COMP7710 Homework 3 – Classification
Weighting: 10%
Due date: 4th April 2022, 4 pm
Overview
In this problem set we will be working with Bayesian classification.
Marks
This assignment is worth 10% of your total grade.
Submission Instructions
• Your solutions to the questions should be submitted via BlackBoard.
• You should only submit your completed Jupyter notebook in .ipynb format, including written answers in
markdown and results from executed code cells.
• Name your file as sxxxxxxx-homework#.ipynb where sxxxxxxx is your student number and # is the
homework number.
• No marks will be awarded for non-compiling submissions.
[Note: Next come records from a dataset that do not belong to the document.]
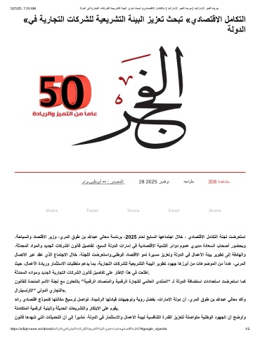 12/5/25, 7:59 AM ﺔﻟودﻟا ﻲﻓ ﺔﯾرﺎﺟﺗﻟا تﺎﻛرﺷﻠﻟ ﺔﯾﻌﯾرﺷﺗﻟا ﺔﺋﯾﺑﻟا زﯾزﻌﺗ ثﺣﺑﺗ «يدﺎﺻﺗﻗﻻا لﻣﺎﻛﺗﻟا» | ﮫﯾﺗارﺎﻣﻹا رﺟﻔﻟا ةدﯾرﺟ | ﮫﯾﺗارﺎﻣﻹا رﺟﻔﻟا ةدﯾرﺟ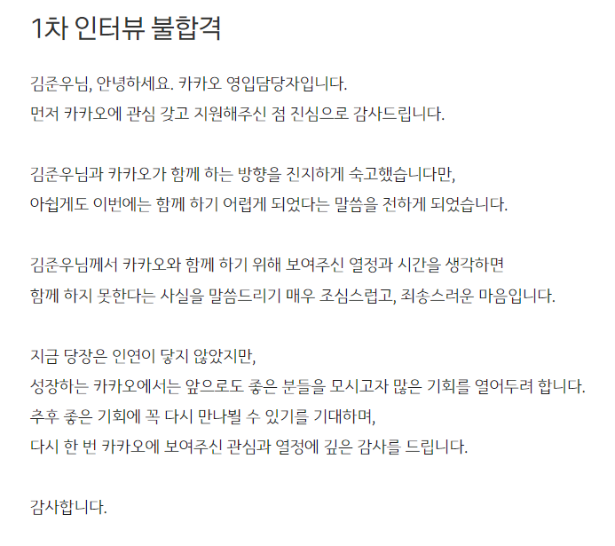 https://tech.kakao.com/2022/04/19/2022-kakao-tech-internship-server/ 그리고 처음에는 긴장이 많이 되었지만 면접 봐주신 면접관분들이 너무 친절하셔서 금방 긴장감이 풀렸던 것 같습니다.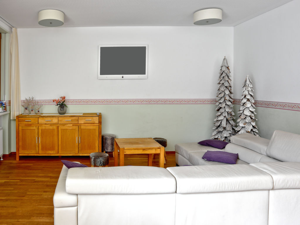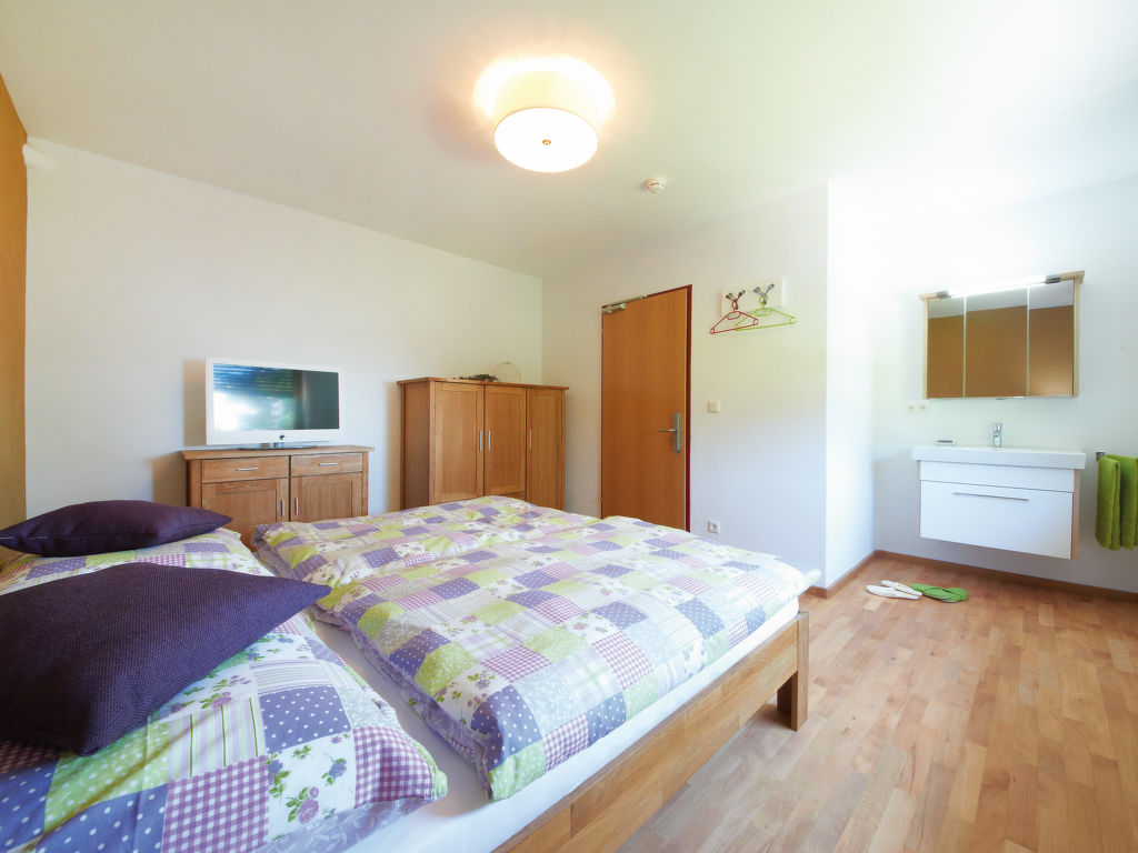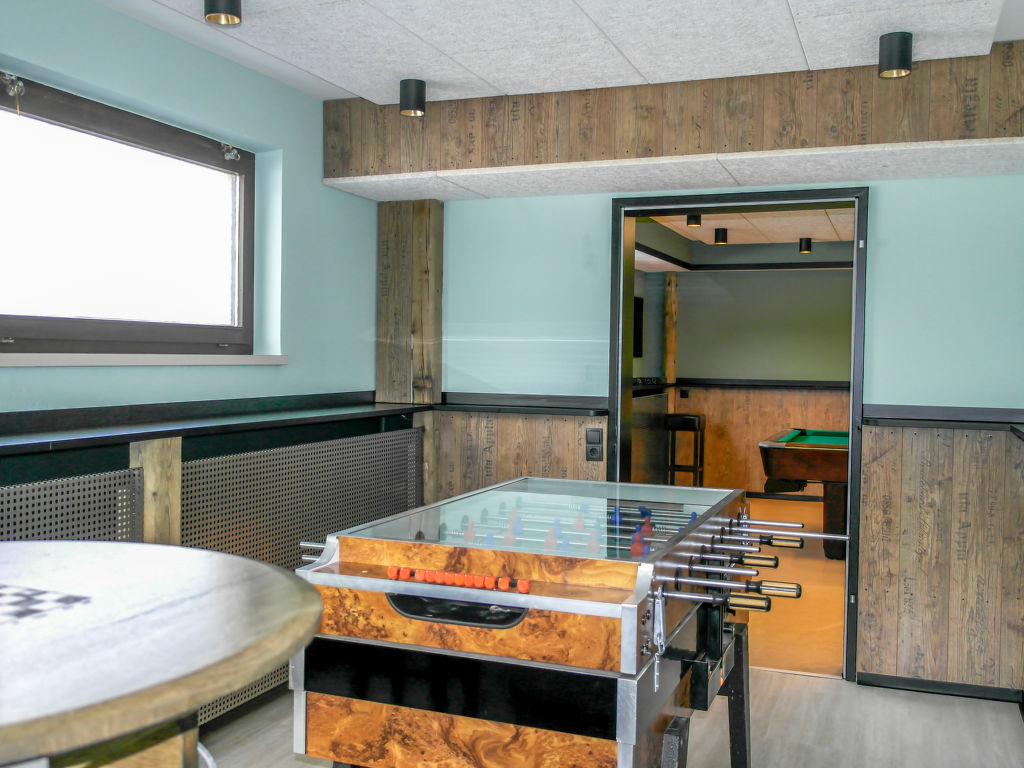 15-Zimmer-Haus auf 4 Stockwerken. Eingang. Spielzimmer. Gepäckraum. Billardzimmer. 4 Duschen. Obergeschoss: grosses Esszimmer mit Sat-TV (Flachbildschirm). 1 Zimmer mit 1 Bett, 1 Doppelbett, Waschbecken und Sat-TV. Grosse Küche (Backofen, Geschirrspüler, Mikrowelle) mit Durchreiche. 4 sep. WC's. 2. Obergeschoss: 4 Doppelzimmer. 1 Zimmer mit 3 Betten und Sat-TV. 3 Zimmer, jedes Zimmer mit 2 Betten und Sat-TV. 2 sep. WC's. Dachgeschoss: 1 Doppelzimmer mit Waschbecken und Sat-TV. 1 Zimmer mit 6 Betten. 2 sep. WC's. Komfortable Einrichtung im Landhausstil. Schöne Panoramasicht auf die Berge. 2 Haustiere/Hunde erlaubt. Bestens geeignet für Großfamilien.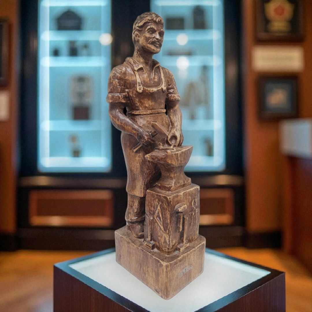 ! Una obra de arte en madera tallada con esmero, reflejando la mística y el arte del herrero.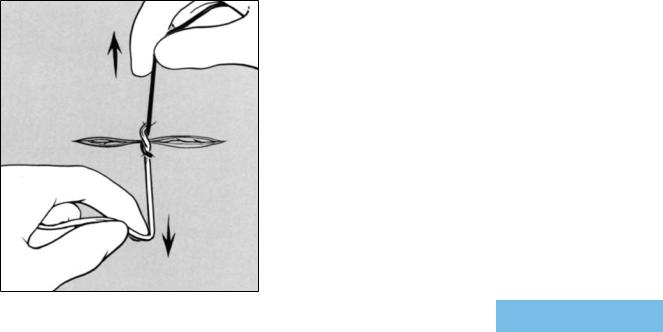 With the suture ends grasped in the palms of the surgeon’s hands, the tips of the index fingers and thumbs position the suture ends in a direction (arrows) perpendicular to that of the wound. The surgeon applies constant tension to the suture ends, which advances the first single-wrap throw of the square knot to the surface of the wound. Advancement of the first throw is complete when the divided skin edges of the mid-portion of the wound are approximated.

Late Submissions and Extensions
Late Penalties: Where an assessment item is submitted after the deadline, without an approved extension, a late
penalty will apply. The late penalty shall be 10% of the maximum possible mark for the assessment item will be
deducted per calendar day (or part thereof), up to a maximum of seven (7) days. After seven days, no marks will
be awarded for the item. A day is considered to be a 24 hour block from the assessment item due time. Negative
marks will not be awarded.
Academic Misconduct
This assignment is an individual assignment. Posting questions or copying answers from the internet is consid-
ered cheating, as is sharing your answers with classmates. All your work (including code) will be analysed by
sophisticated plagiarism detection software. Students are reminded of the University’s policy on student mis-
conduct, including plagiarism. See the course profile and the School web page: http://www.itee.uq.edu.au/
itee-student-misconduct-including-plagiarism.
1
Questions
In this homework, you will analyse ’phishing.csv’ dataset and use Logistic regression and 2 Bayesian classifiers
to distinguish fishing and benign websites. In addition to the Gaussian Naive Bayes, you should research and
familiarise yourself with Categorical Naive Bayes (see scikit-learn link for the full list of Naive Bayes methods).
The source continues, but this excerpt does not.